* **WHAT IS REQUIRED**
The answer must be only the lines below from the one holding "A játék testreszabható, 3-4" down to the one holding "បង្កើនសម្រស់របស់អ្នកទៅតាមប្រភេទសក់ និងម៉ូតដែលអ្នកចង់បាន។ *", ends included, printed exactly; please omit all pictures.

* **TASK MATERIAL**
*** Block opens ***

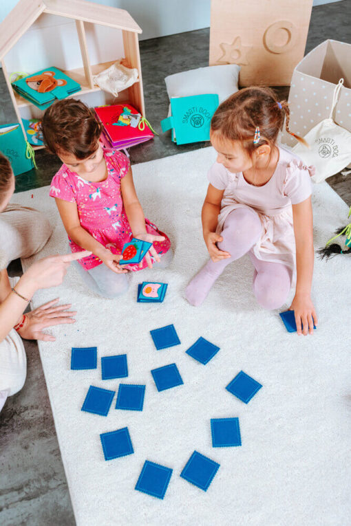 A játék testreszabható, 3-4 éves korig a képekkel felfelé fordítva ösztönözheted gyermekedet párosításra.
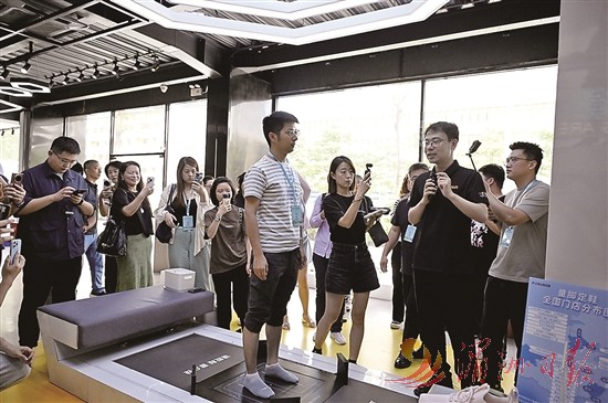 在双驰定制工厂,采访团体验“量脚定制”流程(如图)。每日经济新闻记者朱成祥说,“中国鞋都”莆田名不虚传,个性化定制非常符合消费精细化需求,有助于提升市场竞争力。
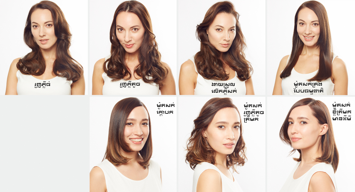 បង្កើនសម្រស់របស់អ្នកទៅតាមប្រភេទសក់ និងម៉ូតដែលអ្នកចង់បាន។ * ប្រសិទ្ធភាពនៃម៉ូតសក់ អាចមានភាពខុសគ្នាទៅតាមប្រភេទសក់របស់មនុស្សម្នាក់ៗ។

*** Block closes ***
*** Block opens ***

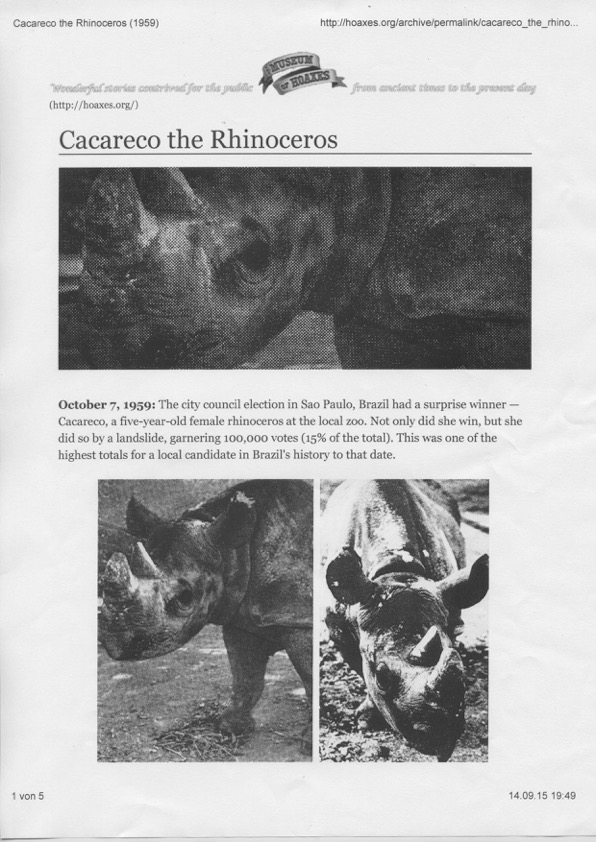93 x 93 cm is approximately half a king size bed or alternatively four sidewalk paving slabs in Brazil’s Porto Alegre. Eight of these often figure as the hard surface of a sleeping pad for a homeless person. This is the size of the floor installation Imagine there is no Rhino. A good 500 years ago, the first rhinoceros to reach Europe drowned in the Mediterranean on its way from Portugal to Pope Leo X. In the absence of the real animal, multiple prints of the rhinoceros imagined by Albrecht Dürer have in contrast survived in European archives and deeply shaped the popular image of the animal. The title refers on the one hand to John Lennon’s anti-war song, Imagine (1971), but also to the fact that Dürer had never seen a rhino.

*** Block closes ***

* **TASK RESULT**
 A játék testreszabható, 3-4 éves korig a képekkel felfelé fordítva ösztönözheted gyermekedet párosításra.
 在双驰定制工厂,采访团体验“量脚定制”流程(如图)。每日经济新闻记者朱成祥说,“中国鞋都”莆田名不虚传,个性化定制非常符合消费精细化需求,有助于提升市场竞争力。
 បង្កើនសម្រស់របស់អ្នកទៅតាមប្រភេទសក់ និងម៉ូតដែលអ្នកចង់បាន។ * ប្រសិទ្ធភាពនៃម៉ូតសក់ អាចមានភាពខុសគ្នាទៅតាមប្រភេទសក់របស់មនុស្សម្នាក់ៗ។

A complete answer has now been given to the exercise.